AI-driven discovery to compress timelines
If AI can cut failure rates from 90% to 60–70%, and reduce discovery-to-IND timelines from 4–6 years to 1–2 years, per-drug costs fall 3–5×.◊ The first AI-designed drug approval is projected for 2026–2027, and AI-discovered programs are now advancing through clinical trials in increasing numbers.
Regulatory reform for platform approvals
Instead of requiring a full Phase I–III for every disease-specific variant of a gene therapy, approve the platform once and require smaller confirmatory studies for each new target. The FDA has begun moving this direction with gene-therapy platform guidance.
Solving the rare-disease economics problem
Most untreated diseases are rare. Market-based pricing cannot support $1B development programs for 5,000-patient markets. Options include: subscription / "Netflix" payment models for payers, international risk-pooling, advance market commitments, or direct government-funded development at BARDA scale.

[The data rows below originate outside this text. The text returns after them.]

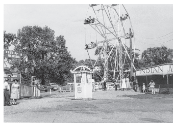
Local residents enjoy a day at Suburban Park, which closed in 1973 after 75 years of operation.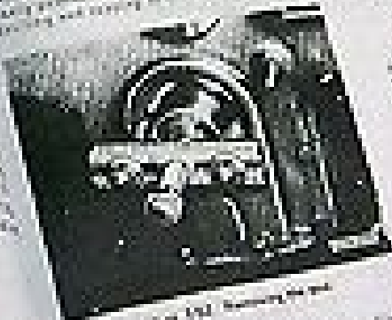
FIG. 1-22. Removing the old water ring oiler.

4. Remove the crankcase from the crankcase.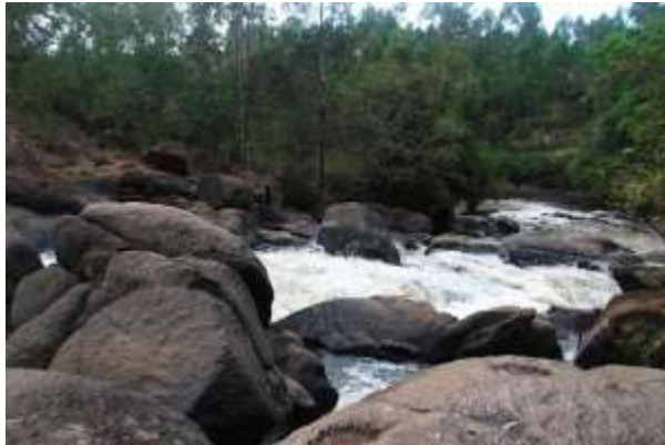
The Tindinyo Falls on River Yala

Good income is received from tourism and conservation. The attraction sites in Nandi South are the Nandi Rock and the South Nandi Forest . In Nandi North, there is the Chepkiit Water Falls on the Kipkaren River. In Nandi East, there is the famous Koitalel Samoei Museum in Nandi Hills town and the Keben caves in Mogobich, Lessos Division and the Nandi escarpment.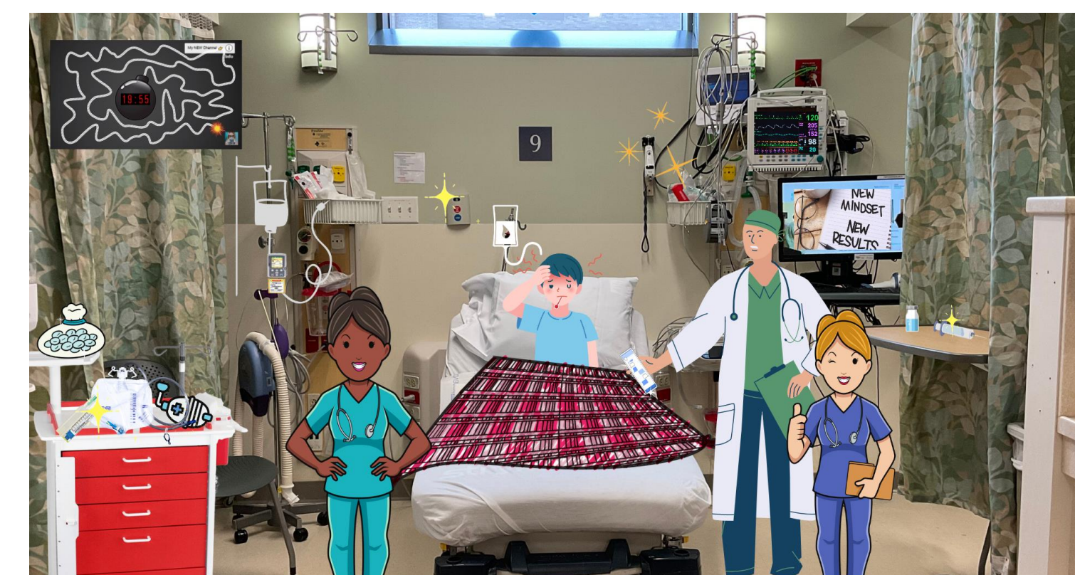
Fig. 1 Perianesthesia virtual escape room

Implementation: This evidence-based multidisciplinary project aimed to improve recognition and intervention of MH protocol. Utilizing virtual escape rooms allows for subtle prompts in critical reasoning for the learner to protocolize the treatment plan for MH. The treatment of MH requires a series of steps to achieve stabilization of the perioperative patient. Identifying clear roles and responsibilities in a virtual space creates effective team building, clear communication and ultimately improves patient outcomes as identified by pre and post intervention survey.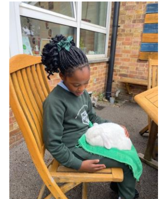
Our rabbit Micah has been a huge success. He has a very busy lunch time which I think he actually looks forward to – he gets to have a run around, check out my office and get fussed over by the children. We love him!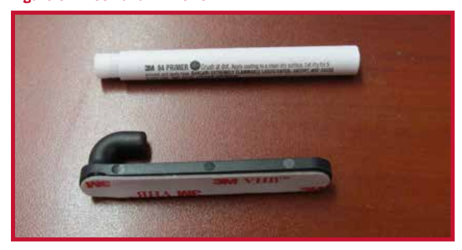
Figure 8 - Hook and Primer 94

6. Inside the package with the installation instructions, locate two black plastic retention hooks and a white tube of Primer 94 as shown in Figure 8.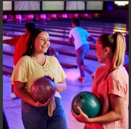
Zone bowling stills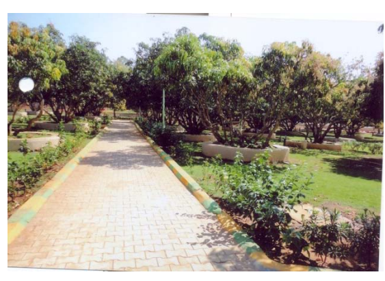
Foot path – Benches under Mango Trees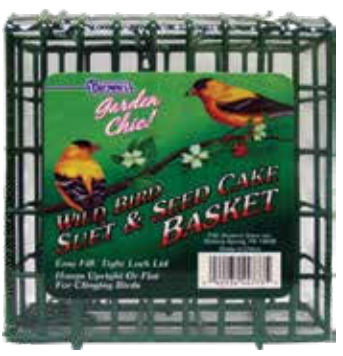
Wire Feeding Basket for Suet & Seed Cakes

Heavy-duty & easy-load. Holds our suet & mini seed cakes. Built-in hanger is designed to suspend the basket in a horizontal or vertical position, depending on the birds you're trying to attract.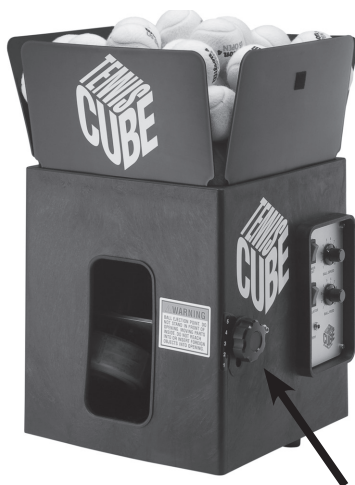
Ball Trajectory Knob

Loosen the ball trajectory knob by turning it a few turns counter-clockwise. Brace the machine with one hand and move the ball trajectory knob with your other hand. Move the knob up to increase the height of the ball throws. Move the knob down to decrease the height of the ball throws. When the ball throws are at the desired trajectory, tighten the knob firmly against the case by turning clockwise.

Closing the basic-biology knowledge gap
For many diseases we lack the mechanistic understanding to design a therapy at all. Federal funding supports most of the basic research that reveals targets — and research effort has not tracked changes in disease burden. Without intentional alignment, the research-disease divergence widens.

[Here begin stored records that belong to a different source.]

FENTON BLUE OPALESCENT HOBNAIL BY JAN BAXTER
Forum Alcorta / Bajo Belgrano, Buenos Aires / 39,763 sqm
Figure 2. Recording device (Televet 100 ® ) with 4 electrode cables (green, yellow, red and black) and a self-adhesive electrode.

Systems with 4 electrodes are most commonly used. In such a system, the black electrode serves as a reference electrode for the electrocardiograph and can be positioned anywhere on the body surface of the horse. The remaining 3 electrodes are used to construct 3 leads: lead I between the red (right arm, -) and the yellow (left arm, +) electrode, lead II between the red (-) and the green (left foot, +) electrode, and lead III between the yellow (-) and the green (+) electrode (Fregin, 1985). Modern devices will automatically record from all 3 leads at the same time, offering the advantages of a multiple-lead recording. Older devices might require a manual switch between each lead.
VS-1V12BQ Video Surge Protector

Diagnostics as a force multiplier
Many diseases are treatable but go undiagnosed or misdiagnosed. The Society to Improve Diagnosis in Medicine and the 2015 National Academy of Medicine report estimate 12 million Americans experience a diagnostic error in outpatient care every year,26 and a 2023 Johns Hopkins analysis found that approximately 795,000 Americans are permanently disabled or killed annually by misdiagnosis of dangerous disease.27 Reducing diagnostic error does not require new drugs, just better application of existing knowledge. A Bayesian decision-support tool that cuts diagnostic delay from years to weeks for rare disease can be worth dozens of drug approvals in patient impact.

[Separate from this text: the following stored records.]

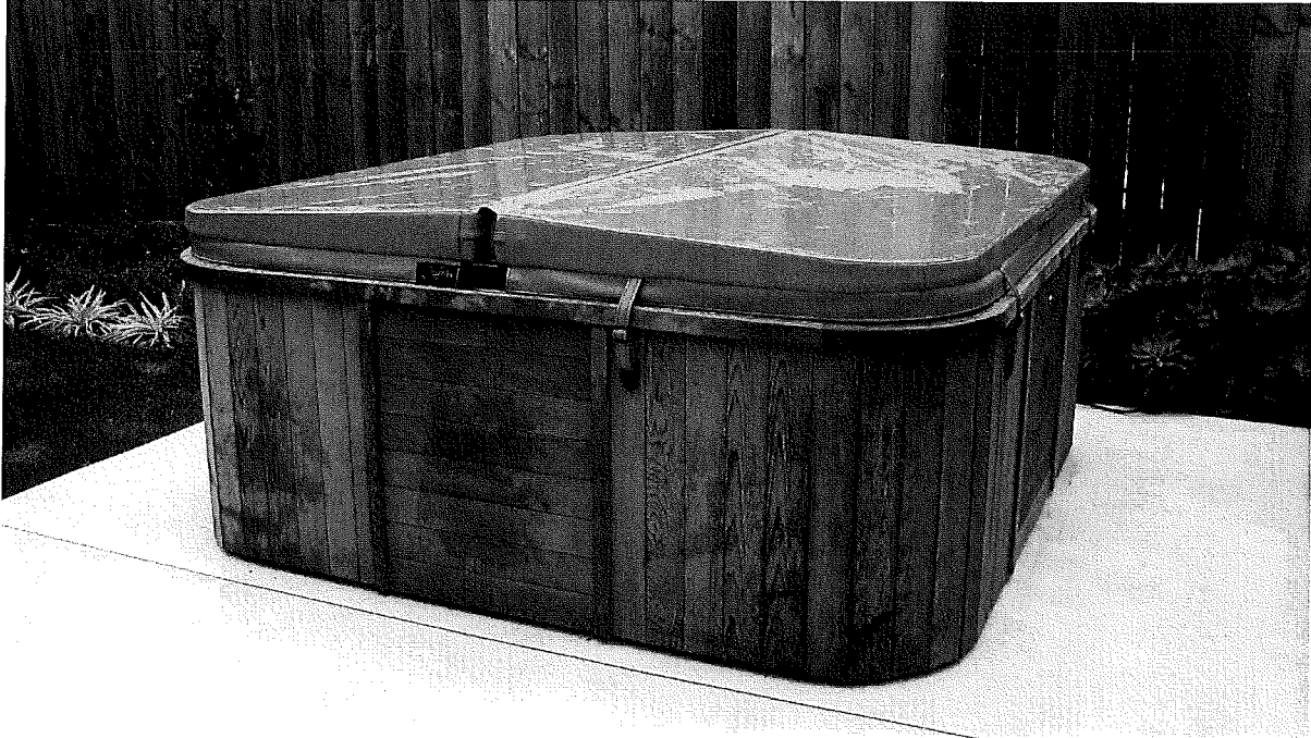
Portable Spa Pool – 760mm above ground level.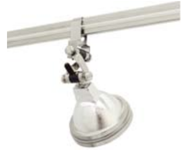
M-VES-SN-LH16-SN Vespa in Satin Nickel with Satin Nickel Louver Lens Holder LED Compatible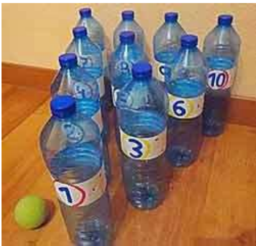
Bowling for bottles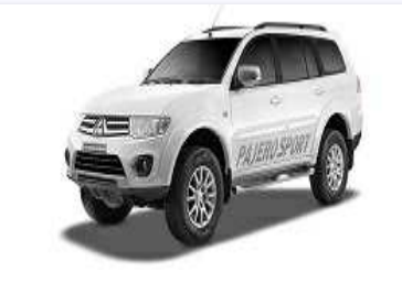
Mitsubishi Pajero Sport 2.5

59,000 Km, Diesel, First Owner, Saran, 2013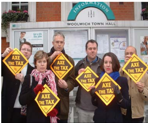
Local Lib Dem campaigners calling for the unfair council tax to be scrapped earlier this year.

Council Tax levels in Greenwich have increased 34% over the last five years and indications from the Labour Government show that they expect another big rise next year too.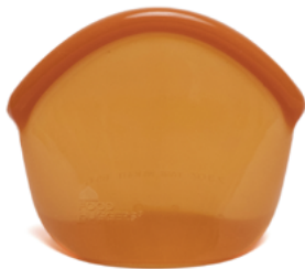
400ml/13oz SKU: 30330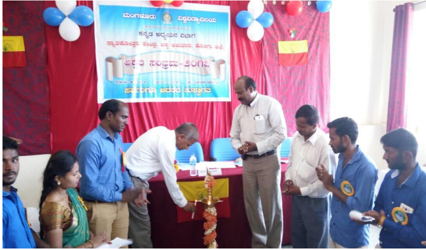
CPÀëgÀ ,ÀA`sÀæ`ÀÄ-2017 GzÁÍ£É

ªÄÄUÀ¼ÀÆgÄÄ «±Àé«zÁâð@AiÄÄ ªÄi:ÜAiÄÄ°è£À ¥ÀzÀ« PÁ-ÉÁf£À LaÒPÀ PÀ£ÀßqÀ «zÁÿðUÀ¼À£ÄÄß D°Áéµ¹, CªÄjUÉ D±ÄÄ`sÁµÄt ,ÀzszÉð, PÀ£ÀßqÀ gÀ,À¥Àæ±Éß, `sÁªAVÄVÉ ,ÀzszÉð, PÀª£À,ÀzszÉð, ZAZÁð ,ÀzszÉðAiÄÄ£ÄÄß °À«ÄäPÉÆ¼ÄÄ ÁVvÄÄÜ. ,ÄÄ. 80 «zÁÿðUÀ¼ÄÄ ««zsÀ PÁ-ÉÁdÄUÀ½AzÀ DUÀ«Ä'zÄÝgÄÄ. ¢£À«r £ÄqÉzÀ ««zsÀ ,ÀzszÉðUÀ¼ÄÄ°è «eÉÄvÀgÄzÀªÄjUÉ ¥Àæ±Ä'Ü ¥ÄvÄæ, ¥ÄjvÉÆÄµÀPÀª£ÄÄß PÉÆqÄ-Á-ÄvÄÄ. ,ÀªÄÄUÄæ «ÄgÄUÄæÄ ¥Àæ±Ä'ÜAiÄÄÄ ,ÀgÄPÁj ¥ÀæxÄªÄÄ zÄeÉð PÁ-ÉÁdÄ, PÄÄ±Ä@£ÄUÄgÄ CªÄjUÉ zÉÆgÄQvÄÄ.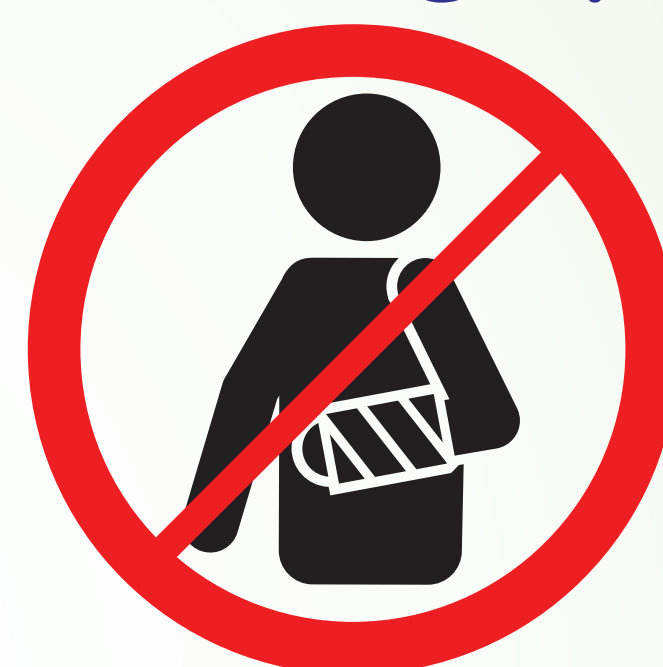
Recent Injury or Wearing Hard Cast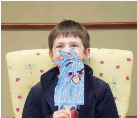
Story Time May 3, 2016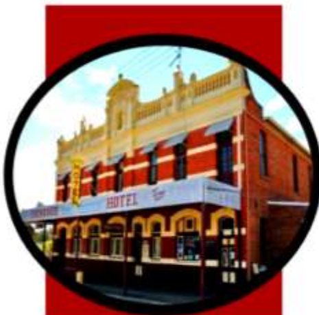
THE EXCHANGE HOTEL

A realistic thirty-year scenario
Here is what the next three decades could look like if the leverage points above compound on each other. What follows is entirely speculative — an optimistic but not fantastical scenario where AI delivers, platforms scale, and regulators adapt. No part of this section is drawn from a published forecast.◊
- Gene-editing and mRNA platforms validated for 200–500 monogenic rare diseases
- AI cuts drug development cost by 2–3×
- Novel approvals rise to 80–100 per year
- FDA plausible-mechanism pathway scales to individualized therapies
- Platform therapies scaled to 2,000–3,000 rare diseases
- Combination therapies + diagnostics bring effective treatments to ~5,000 conditions total
- AI-designed small molecules tackle the "hard" chronic diseases — neurodegeneration, autoimmunity
- Remaining long-tail diseases addressed through personalized therapies, gene editing, synthetic biology
- Aging itself partially addressed as a treatable condition
- Effective therapeutic coverage reaches 8,000–9,000+ diseases
Total cost across thirty years: $3–5 trillion, or roughly $100–170 billion per year globally. That is a 30–50% increase over current biomedical R&D spending — but directed dramatically more efficiently. It is not a fantasy number. It is well within the range of what coordinated effort can mobilize.
The critical variable is not money. It is whether AI actually delivers the 3–5× efficiency gains current trajectories suggest it might, and whether platform therapies scale the way early gene-therapy programs hint they can. If both hold, curing the overwhelming majority of human disease is a within-a-generation problem. If they don't, we are looking at 50–100+ years at much higher cost — still finite, but far enough out that most people reading this will not see the end of it.
The question is not whether we will eventually cure everything. It is whether we will do it in thirty years or three centuries — and the difference between those two outcomes is not budget. It is the unit of development.